Sanjana Ranganathan, Opinions Editor

Started three years ago, Dougherty Valley High School houses the only female wrestling team in the school district; it has grown rapidly since then and continues to challenge social  and gender norms.

The girls’ team at DVHS is not only unique for the very fact that it is the only girls’ team in SRVUSD, but because female and male teams are incredibly integrated, differing from most other sports. 

According to captain Shreya Balasubramanian, both genders practice together, bond together and receive similar opportunities. 

The only area they differ is in tournaments and competitions, where genders are segregated for competition purposes. 
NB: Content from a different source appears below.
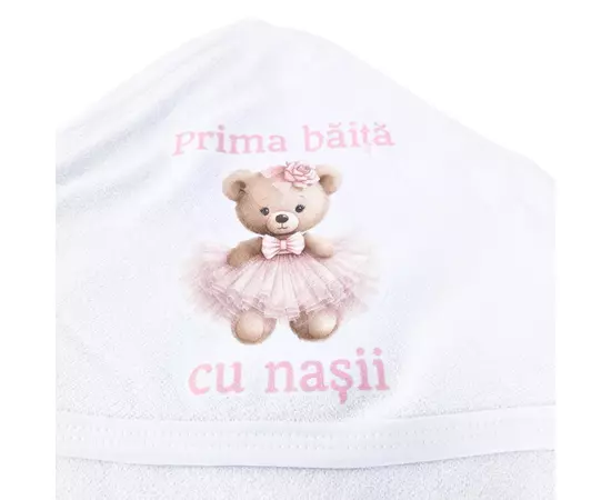 Trusou Prima Baita, Personalizat cu Mesaj - "Prima Baita cu Nasii" Ursulet Rochita Roz - TPB44
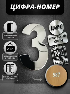 Номер для двери, ящика цифра №3. Хром

The women’s team has also been incredibly successful. 

Balasubramanian notes that the team qualified 12 girls to NCS and one to state last year, which are relatively high numbers given how new the team is. 

However, this success has not been easy for females, many of whom have faced initial barriers in overcoming the masculine stereotypes surrounding the sport.

Senior Jasmine Lam recalls her initial challenges. 

“In the beginning, I felt that I had to prove to myself that I was good enough for the guys. I felt like [girls] had to work harder to prove that we can do it too,” she said 

Lam attributes wrestling’s societal perception as an inherently  “masculine” sport. She describes her initial perception of wrestling as “strong men putting each other to the ground.”

She concludes, “It is ‘normal’ for a guy to wrestle, whereas if I tell someone I wrestle, they are like, ‘Oh you wrestle?’” 

Despite some initial push-back from existing male members, the girls team has ultimately been beneficial for DVHS wrestling as a whole. 

Miles Stines, a senior male on the team, notes that while some of the guys were against it at first, the addition of the girls team has boosted DVHS’ wrestling quality as a whole, overall concluding that the entire team has improved.

This positive increase can also be seen nationwide. The number of high school female wrestlers is on the rise; according to the National Wrestling Coaching Association (NWCA), there are 16,562 high school female wrestlers, growing from just 804 in 1994. 

Wrestling has also been recognized at the collegiate and Olympic levels. In 2004, female wrestling was recognized as an Olympic sport and approximately 60 colleges currently sponsor female wrestling programs. 

Gender equality is definitely improving. As the DVHS women’s wrestling team’s numbers grow, so does their influence in creating wider societal change. 

“More and more girls have been coming out and doing the sport … and it is becoming more acceptable for girls to engage in such a physical activity,” Lam said.